Records supplied
|---|

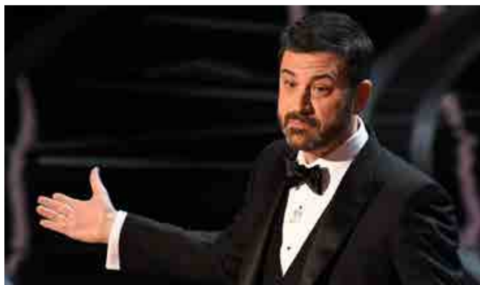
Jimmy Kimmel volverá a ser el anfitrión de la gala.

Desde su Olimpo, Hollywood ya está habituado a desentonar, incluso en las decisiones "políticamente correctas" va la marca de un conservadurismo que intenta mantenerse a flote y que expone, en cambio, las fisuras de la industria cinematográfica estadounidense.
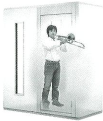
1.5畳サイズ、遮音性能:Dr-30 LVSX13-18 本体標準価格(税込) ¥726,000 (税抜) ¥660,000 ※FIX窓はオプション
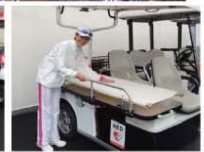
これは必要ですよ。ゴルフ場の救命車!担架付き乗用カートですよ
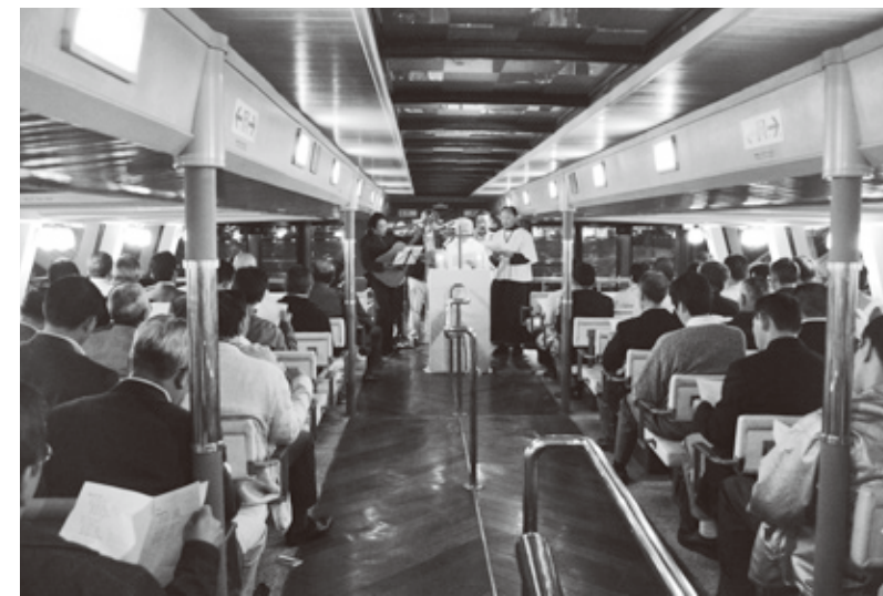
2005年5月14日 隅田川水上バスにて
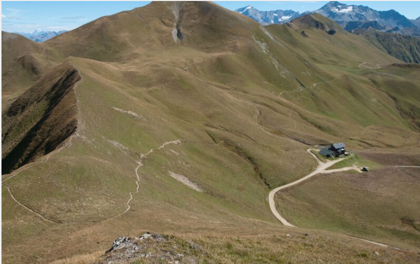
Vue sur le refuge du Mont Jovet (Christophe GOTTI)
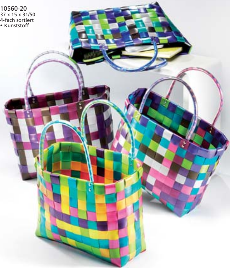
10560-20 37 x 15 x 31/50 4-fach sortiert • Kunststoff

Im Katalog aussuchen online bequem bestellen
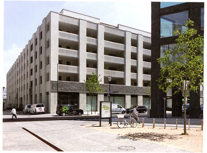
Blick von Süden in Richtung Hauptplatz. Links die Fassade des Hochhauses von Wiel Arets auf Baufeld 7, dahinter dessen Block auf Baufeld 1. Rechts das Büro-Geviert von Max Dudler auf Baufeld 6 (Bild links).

|---|

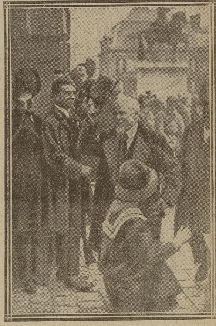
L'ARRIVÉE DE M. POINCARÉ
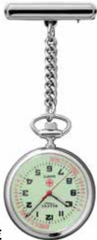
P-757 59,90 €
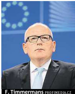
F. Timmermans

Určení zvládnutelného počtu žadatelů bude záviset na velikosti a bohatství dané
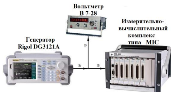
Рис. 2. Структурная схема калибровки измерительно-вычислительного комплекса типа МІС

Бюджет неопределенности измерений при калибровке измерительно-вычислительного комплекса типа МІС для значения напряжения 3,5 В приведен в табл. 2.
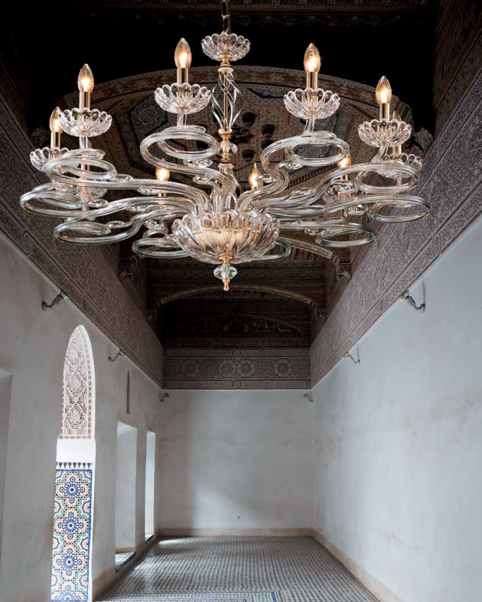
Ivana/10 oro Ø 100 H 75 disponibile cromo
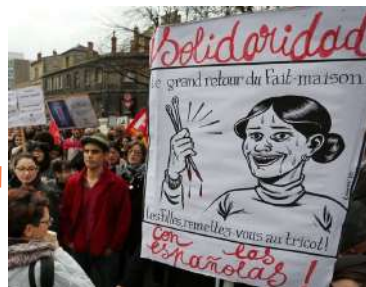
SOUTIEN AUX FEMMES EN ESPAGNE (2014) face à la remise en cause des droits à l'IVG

|---|

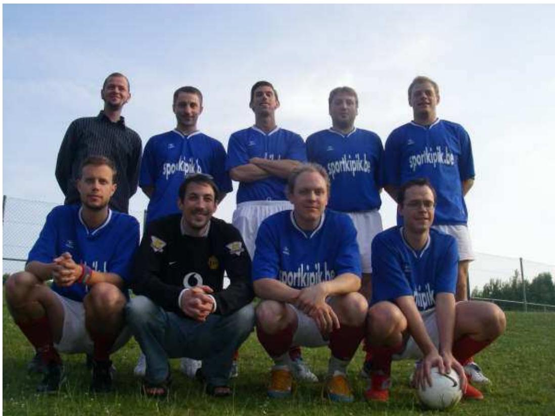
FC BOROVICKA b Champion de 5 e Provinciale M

|---|

What belongs in the answer is each line above from the line with "2005年5月14日 隅田川水上バスにて" to the line with "Im Katalog aussuchen online bequem bestellen", inclusive, reproduced exactly and free of pictures.

2005年5月14日 隅田川水上バスにて
Vue sur le refuge du Mont Jovet (Christophe GOTTI)
10560-20 37 x 15 x 31/50 4-fach sortiert • Kunststoff

Im Katalog aussuchen online bequem bestellen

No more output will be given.